По городу прошел слух, что красные отступают и Петлюра с пилсудчиками подходит уже к Збручу. А потом на заборах забелели приказы, в которых говорилось, что Красная Армия временно оставляет город, перебрасывая свои части на деникинский фронт.

Накануне отступления, поздно вечером, к моему отцу пришел наш сосед Омелюстый. С ним был еще один человек, которого я не знал.

Я уже лежал в постели, закутанный до подбородка в байковое отцовское одеяло.

Отец сидел за столом и хорошо наточенным ножом резал «самкроше» из пачки прессованного желтого табака – бакуна.

На плечах у Омелюстого болтался рваный казацкий башлык, на лобастой голове чернела круглая барашковая кубанка, а карманы его зеленого френча были туго набиты бумагами. Спутник его, невысокий человек в пушистом заячьем треухе, шел сзади, медленно переставляя ноги, словно боялся оступиться.

Был он очень бледен, небрит, и на остром его подбородке и впалых щеках пробивались черные жесткие волосы. Перешагнув вслед за Омелюстым порог нашей спальни, незнакомец снял свою меховую шапку, тихо, чуть слышно поздоровался, сел на стул и расстегнул ватную солдатскую телогрейку.

– Поганое дело, Манджура, выручай, – сказал Омелюстый, снимая башлык и здороваясь с отцом. – Наши ночью отступают, а вот товарищ расхворался не вовремя. Нельзя ему ехать… Где б его тут пристроить в городе? Только так, чтобы никто не потревожил.
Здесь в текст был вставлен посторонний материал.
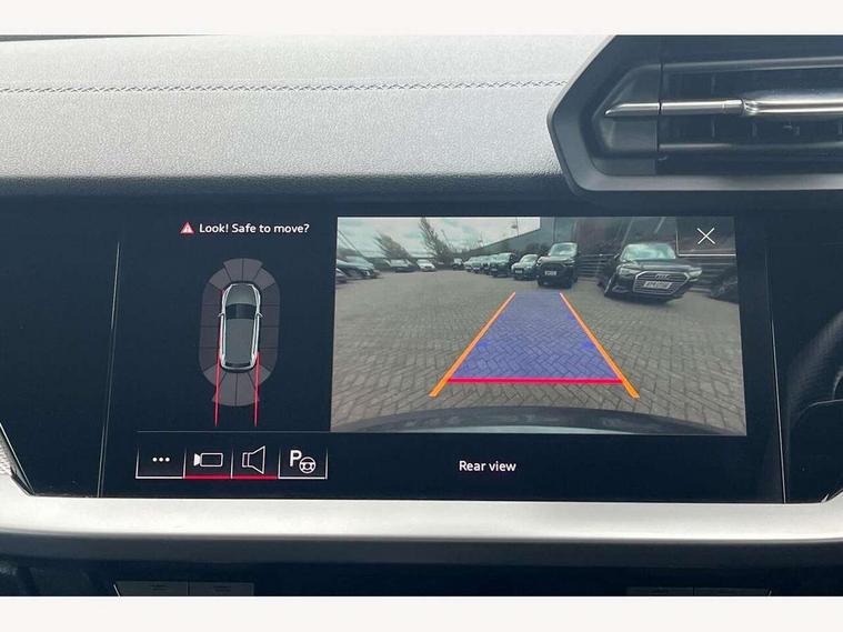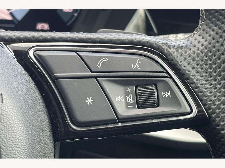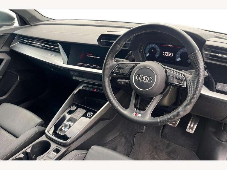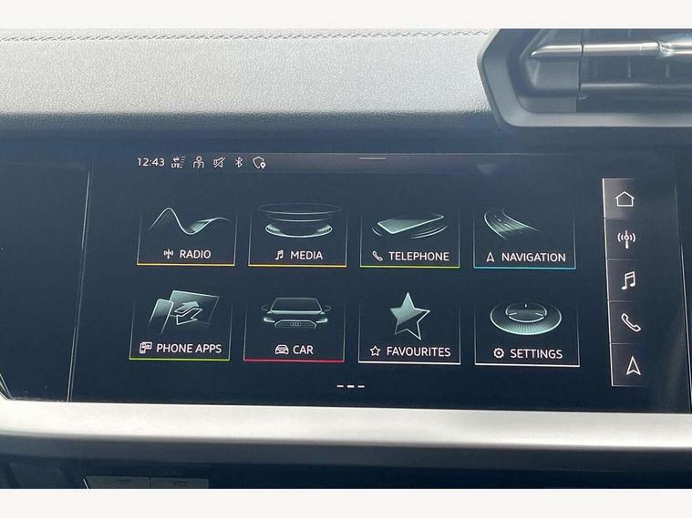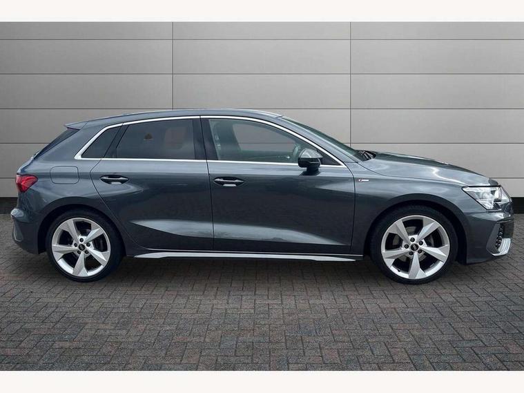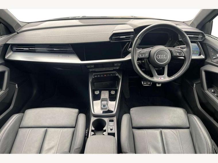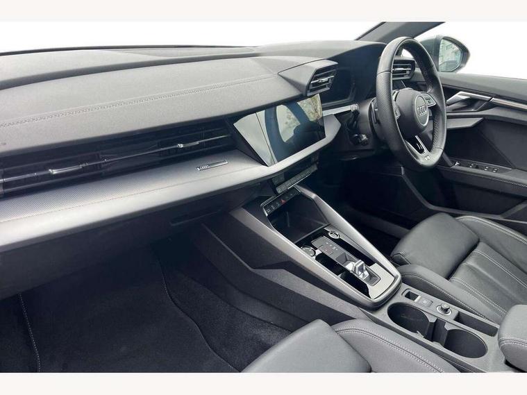 Audi drive select (Auto, Comfort, Dynamic, Efficiency and Individual), Audi smartphone interface, Audi Virtual Cockpit - 10.25" digital and colour instrument cluster, Automatic start/stop system with recuperation, Bluetooth interface, Collision avoidance assistant, e-Call (emergency call), Electromechanical power speed sensitive steering, Lane departure warning system, MMI Navigation Plus with high resolution 10.1" colour touch screen display, Service indicator, Trip computer, Voice control system with natural language interaction, Sports suspension, 2xUSB-C connection with data and charging functions, 6 passive loudspeakers, DAB Digital radio, 3rd brake light, Acoustic glass windscreen, Aluminium window trim, Auto dimming frameless rear view mirror, Body colour exterior mirrors, Electrically adjustable/heated/folding/auto dimming door mirrors with integrated LED indications + kerb view function for passenger side, Front electric windows, Illuminated aluminium inserts front door sills with S logo, LED daytime running lights, LED headlights with LED rear lights and dynamic rear indicators, Light and rain sensors, Privacy glass - dark tinted rear window, rear door and side windows, Rear electric windows, Rear side air outlets in grained matt black, Rear side wing doors, Rear wiper, S line bumpers, S roof spoiler, 12V socket and storage compartment in front centre console, 3 seat bench in 2nd row, 3 spoke leather multifunction steering wheel with paddle shift, 4 way electrically adjustable lumbar support for driver and front passenger, 60/40 split folding rear seat bench, Black cloth headlining, Dual zone electronic climate control, Front and rear centre armrest in leather, Front and rear headrests, Front/rear floor mats, Height and reach adjustable steering wheel, Interior lighting - glove compartment light and right hand side, Luggage compartment floor covering, Manual boot compartment lid, Manually adjustable front seats, Seat side bolsters, Single front passenger seat, Stainless steel pedals and front footrest in black, Twin leather upholstery with front sports seats S embossed logo, Aluminium interior elements pack - A3 Sportback, LED interior lighting pack - A3 Sportback, S line styling pack - A3 Sportback, 3x3 point rear seat belts, Driver and front passenger airbag with passenger airbag deactivation, Electronic Stabilisation Control (ESC) including ABS, ASR and EDL, First aid kit with warning triangle and 2 safety vests, Front side airbags with head airbags and interaction airbag, Pre-sense front with pedestrian and cyclist detection, Seatbelt monitoring, Tyre pressure loss indicator, Anti theft alarm, Anti-theft wheel bolts, Electronically operated child lock, Immobiliser, Remote control central locking, Dark spectrum aluminium inlays, accent surfaces in the dashboard and centre console in platinum grey silk effect paint finish,

А, Мирон?

– Ладно, потолкуем, – ответил отец. – Разденься сперва, чаю выпей.

Омелюстый вытащил из френча револьвер, переложил его в карман брюк, а френч вместе с кубанкой и башлыком бросил на корзинку у окна. Потом, присев к столу, он облокотился на него и, сжав виски длинными тонкими пальцами, медленно сказал:

– Ты думаешь, наши надолго уходят? Пустяки, скоро вернутся. Вот прогонят Деникина из Донбасса, а тогда и Подолию освободят.

Пока Омелюстый беседовал с отцом, Марья Афанасьевна приготовила больному гостю постель на широком кованом сундуке, а когда он улегся, покрыла его зимним ватным одеялом и другими теплыми вещами, какие только были в нашем доме. Она напоила больного чаем с сушеной малиной. Он лежал на спине под высокой грудой пропахшей нафталином одежды, прислушиваясь к разговору. Свет от лампы падал гостю в глаза, и он все время жмурился.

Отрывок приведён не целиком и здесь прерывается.